Some of them remember as far back as the Roman Colosseum and are not pleased at all.
Sixth, animals crack up when they see humans imagining themselves living after death in all kinds of perfect places that resemble luxury hotels, or, on the contrary, roasting forever in fires of pitch and guilt. Animals watch people go into big, empty buildings called churches and talk to themselves in there, until they are so impressed with themselves that they try to convince others to come to their building. When others refuse to follow them, they sometimes kill them.
Not all animals are convinced that people should know that they are being laughed at about this. Some of them cautioned me against mentioning anything about this matter, but I reassured them that a humorist named Mark Twain, among many others, had already carried this message to humans. This Twain, you see, was speaking mostly for his cat, but he also represented frogs and mules part of the time.

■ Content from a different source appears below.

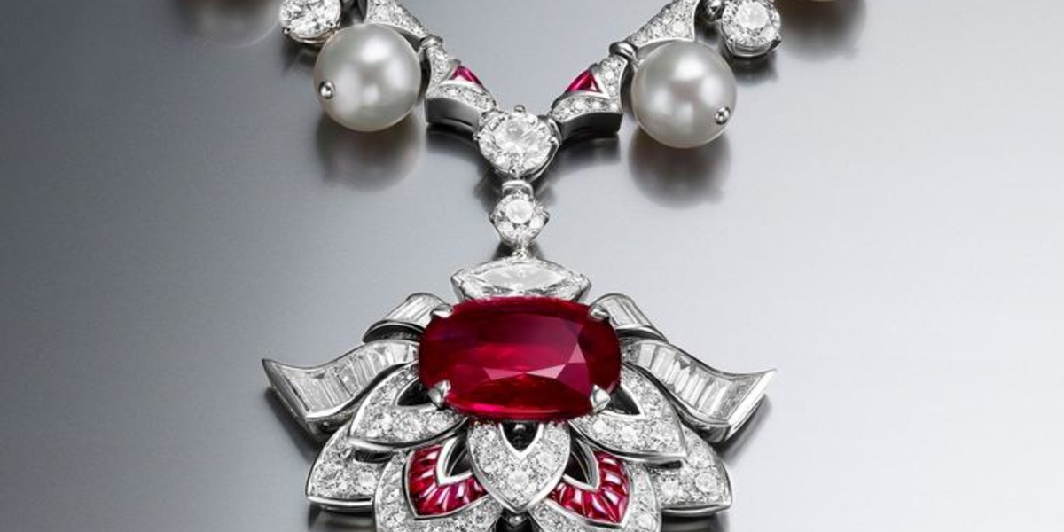 من علامة بولغاري نختار قلادة تتألق بالترف في تصميم من وحي زهور اللوتس بفخامة الذهب الأبيض والماس والياقوت الأحمر الموزمبيقي ولؤلؤ الأكويا الجذاب.

Seventh, animals are amused but not very much by the reasons humans have for killing each other. Humans rarely fight over territory or mates but go to great lengths to extinguish each other over matters of words and habits. People who get along reasonably well for a long time discover suddenly that they are consuming different cheeses and like to sing different songs. For this reason, they attack each other and fight unto death. Animals like to fight over cheese, too, but only if there isn't enough.
These are only a few of the reasons why animals have a hoot over us. In the book-length version of this brief essay, I enumerate all the five hundred reasons and provide the reader with a complete scale of animal laughter as well. Animal laughter spans the range from Subtle-Smirking-with-Whisker-Twitch to Rolling-Wildly-with-Exposed-Belly-Down-Steep-Hillside. Personally, I think that this last type of merriment is exaggerated. We are not that funny.